Desserts > Cake

Clementine and Rosemary Cake Recipe

Ingredients with Measurements:
- 1 1/2 cups all-purpose flour
- 2 teaspoons baking powder
- 1/2 teaspoon salt
- 1/2 cup unsalted butter, softened
- 1 cup granulated sugar
- 2 large eggs
- 1/2 cup whole milk
- 1/4 cup fresh clementine juice
- 1 tablespoon grated clementine zest
- 1 tablespoon finely chopped fresh rosemary

Special equipment needed:
- 9-inch round cake pan
- Parchment paper
- Electric mixer
- Zester

Step-by-step instructions:

1. Preheat the oven to 350°F. Grease a 9-inch round cake pan and line the bottom with parchment paper.

2. In a medium bowl, whisk together the flour, baking powder, and salt.

3. In a large bowl, beat the butter and sugar with an electric mixer until light and fluffy, about 3 minutes.

4. Add the eggs one at a time, beating well after each addition.

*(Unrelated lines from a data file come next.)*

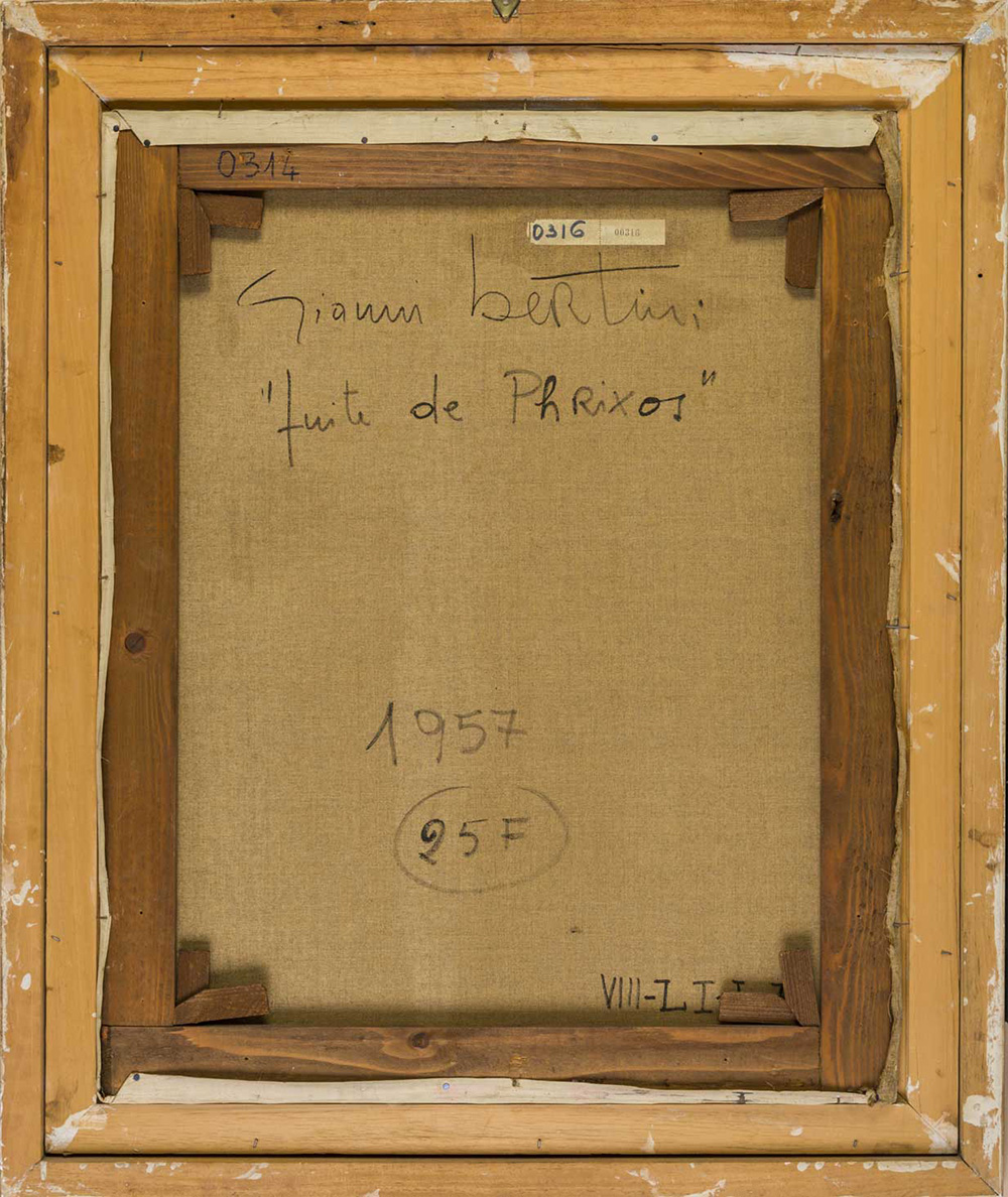 GIANNI BERTINI (1922 - 2010) Fuga di Friso 1957 Olio su tela 81 x 65 cm Firmato in basso a destra Firma, titolo, data, n. invetario e data in numeri romani al retro Autentica su foto firmata dall'artista a cura dello Studio Santandrea PROVENIENZA: Studio Santandrea, Milano Collezione Giuseppe Albini, Milano Collezione privata, Milano BIBLIOGRAFIA: G. Ballo, 'Gianni Bertini', Giampaolo Prearo Editore, Milano, 1971, pp. 45, 173 (ill.)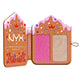 Stosowanie: Nałóż róż na szczyty policzków, aby uzyskać różany rumieniec, a rozświetlacz zaaplikuj na kości policzkowe, grzbiet nosa i łuk brwiowy, by nadać skórze promienny, złocisty blask.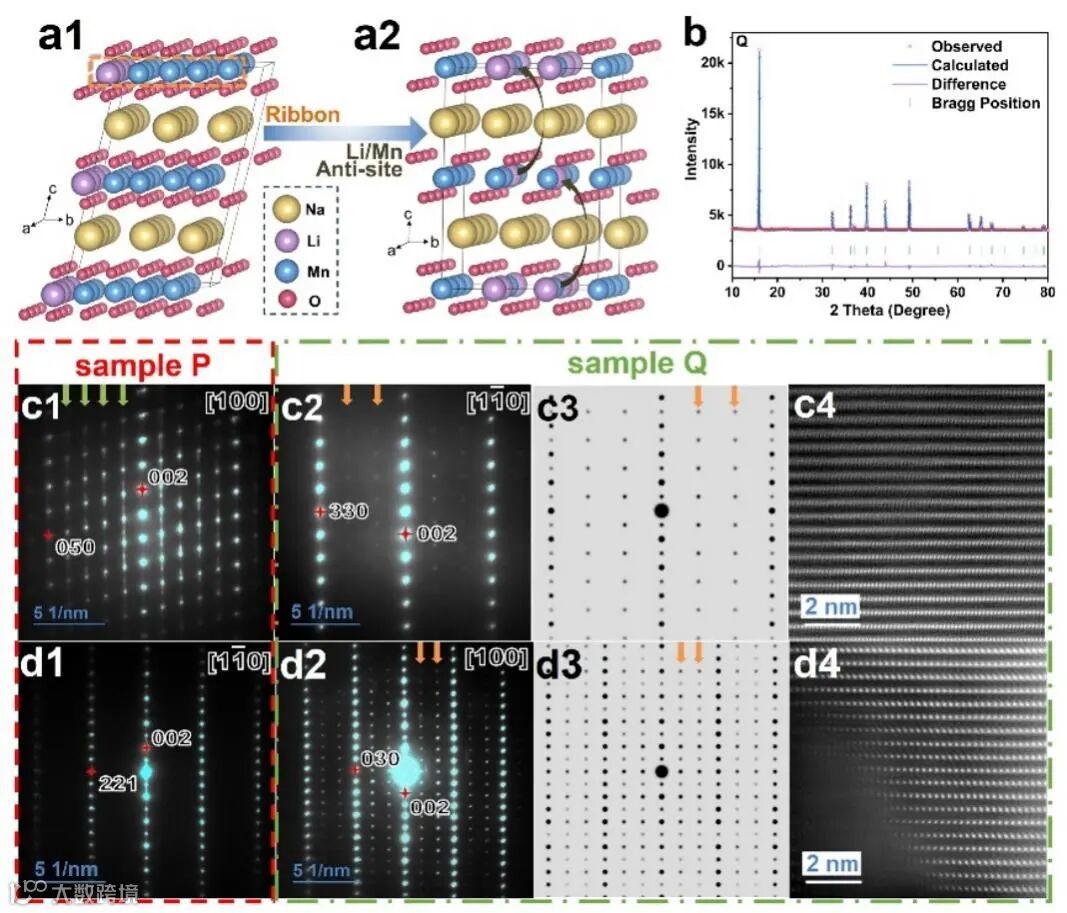 图1. Sample P(a1)和Sample Q(a2)的结构示意图;Sample Q的XRD图谱(b);Sample P 的选区电子衍射花样(c1, d1);Sample Q对应带轴的选区电子衍射花样(c2, d2),模拟的电子衍射花样(c3, d3),对应的高角度环形暗场像(c4, d4)。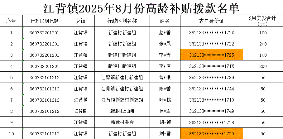 【養老服務】江背鎮2025年8月份高齡補貼撥款名單

5. Add the flour mixture to the butter mixture in three parts, alternating with the milk and clementine juice, beginning and ending with the flour mixture.

6. Stir in the clementine zest and rosemary.

7. Pour the batter into the prepared pan and smooth the top.

8. Bake for 30-35 minutes, or until a toothpick inserted into the center of the cake comes out clean.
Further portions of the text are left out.